Un approfondimento sulle caratteristiche dei lavoratori coinvolti nelle violazioni accertate permette di evidenziare che nel 2024 i lavoratori occupati “in nero” individuati nel corso delle attività di vigilanza presso aziende classificate nell’ambito dell’ATECO “Agricoltura, silvicoltura e pesca” sono stati 1.819, di cui 254 extracomunitari privi di regolare permesso di soggiorno. L’analisi dei dati riportati in tabella 1 permette di evidenziare come quasi un quarto (23,1%) del totale dei lavoratori irregolari accertati risulti impiegato in nero per la mancata applicazione dei contratti collettivi e/o per la violazione degli obblighi in materia previdenziale ed assicurativa. Nel periodo 2016-2024 si riduce, inoltre, l’incidenza dei lavoratori in nero sul totale dei lavoratori irregolari passando dal 72,5% del 2016 al 23,1% del 2024. L’esito degli accertamenti dell’INL e dei Carabinieri del Comando Tutela Lavoro evidenzia inoltre una riduzione dell’incidenza delle situazioni di irregolarità che riguardano i lavoratori extracomunitari privi di regolare permesso di soggiorno (dal 3,9% del 2016 al 3,2% del 2024).
Lavoratori irregolari: lavoratori in nero e lavoratori extra comunitari clandestini in aziende dell’ATECO “Agricoltura, silvicoltura e pesca”
Provvedimenti di sospensione della attività imprenditoriale
L’art. 14 del Decreto legislativo n. 81/2008 (Testo Unico in materia di tutela della salute e sicurezza nei luoghi di lavoro) consente al personale ispettivo dell’Ispettorato nazionale del lavoro di sospendere l’attività imprenditoriale.

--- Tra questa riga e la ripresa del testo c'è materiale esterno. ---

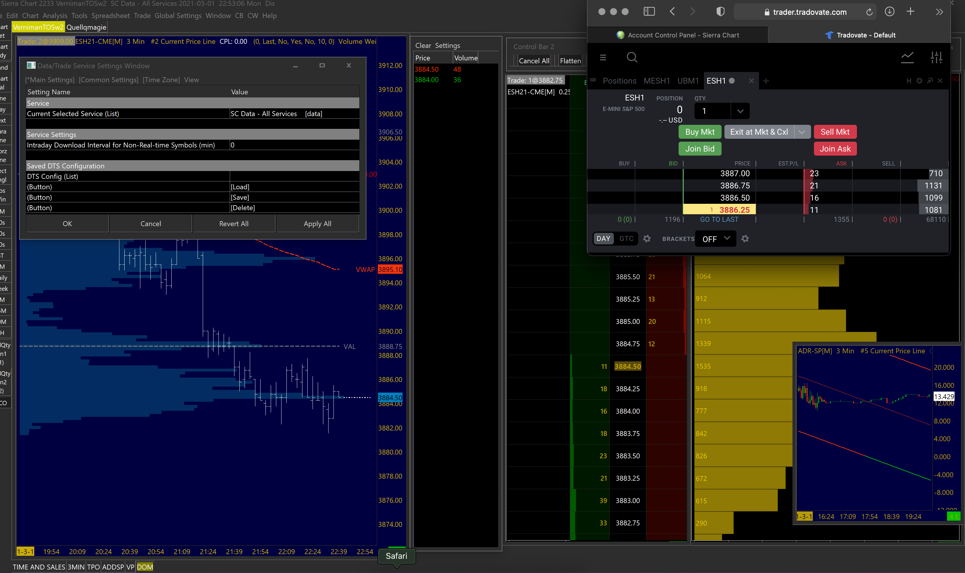 And why is my Denali feed only active for another 16 Days when i have just payed for it Last friday? Somethings really wrong guys The Denali Exchange Data Feed in your case is provided with package 11 and this package of yours ends on 2021-03-17. Unlike in the past, it is not associated with a calendar month. Just make sure you have sufficient credit on your account when it renews:https://www.sierrachart.com/UserControlPanel.php?page=AddAccountCredit You only have the Nymex exchange active at this time but it is a nonprofessional exchange. The reason you are not getting real-time data from the CME Group of exchanges is that you activated the Non-Professional exchange fees, but you have not verified that you have a live, funded, futures trading account, which the CME needs in order to allow you data at the lower priced fees. Refer to the following for instructions on how to connect once a month to your *live funded* trading account to qualify for the lower-priced exchange fees: Real-Time Exchange Data Feeds Available From Sierra Chart: Connecting Only Once a Month to Trading Account to Support CME Group Exchange Fees If you do not have a funded trading account or one with a supported trading service, then refer to this solution: Easy Solution to CME Funded Trading Account Requirement We recommend using the above solution in any case to avoid this problem in the future. Sierra Chart Support - Engineering Level Your definitive source for support. Other responses are from users. Try to keep your questions brief and to the point. Be aware of support policy: https://www.sierrachart.com/index.php?l=PostingInformation.php#GeneralInformation For the most reliable, advanced, and zero cost futures order routing, *change* to the Teton service: Sierra Chart Teton Futures Order Routing Date Time Of Last Edit: 2021-03-02 14:51:10
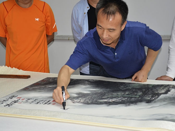 神舟六号航天员费俊龙将军在《浮云山霭莽苍苍》限量高仿作品上签名
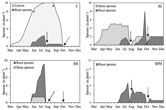 At cut II, the stem sprouts were present only in SL and their total and unitary biomass were greatly reduced compared with cut I, while the root sprouts were produced only in SL and SPH, with approximately 3 g plant−1 in both (Table 3). Thus, at the end of the first growth season, the cumulative biomass of the sprouts was significantly higher in the cut stems exposed to the light (43.8 g plant−1) than in the other treatments, in which it was 12.4 g plant−1 in SH, 4.2 g plant−1 in SPH, and only 0.06 g plant−1 in the control plants. The treatments also differed in the partitioning of the biomass within the stem and root sprouts, as over 90% of the biomass was allocated in the stem sprouts in SL and 35% in SH, while SPH and C produced root sprouts only.
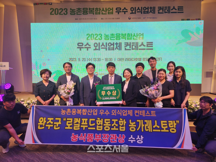[스포츠서울ㅣ김기원 기자] 농림축산식품부에서 개최(‘23.9.20)한「2023년도 농촌융복합산업 우수 외식업체 콘테스트」에서 완주군 완주로컬푸드협동조합(권승환 이사장) 농가레스토랑 ’행복정거장‘이 우수상을 수상했다

Il personale dell’INL può fare ricorso a questo provvedimento nelle situazioni in cui viene accertato che oltre il 20% del totale dei lavoratori presenti sul luogo di lavoro non figura nella documentazione obbligatoria. Il provvedimento di sospensione può essere adottato anche nelle imprese in cui è accertata la presenza di gravi e reiterate violazioni in materia di tutela della salute e sicurezza.
Nel 2024 secondo ISTAT la popolazione a rischio di povertà o esclusione sociale[1] è pari al 23,1% (era 22,8% nel 2023), per un totale di circa 13 milioni e 525mila persone.
Nel 2023, invece, è stato stimato che il reddito netto delle famiglie residenti in Italia sia stato pari in media a 37.511 euro, circa 3.125 euro al mese. L’incremento dei redditi familiari in termini nominali (+4,2% rispetto al 2022) non è riuscita a tenere il passo della crescita dell’inflazione osservata nel corso del 2023 (+5,9% la variazione media annua dell’indice armonizzato dei prezzi al consumo, IPCA), determinando un calo dei redditi delle famiglie in termini reali (-1,6%).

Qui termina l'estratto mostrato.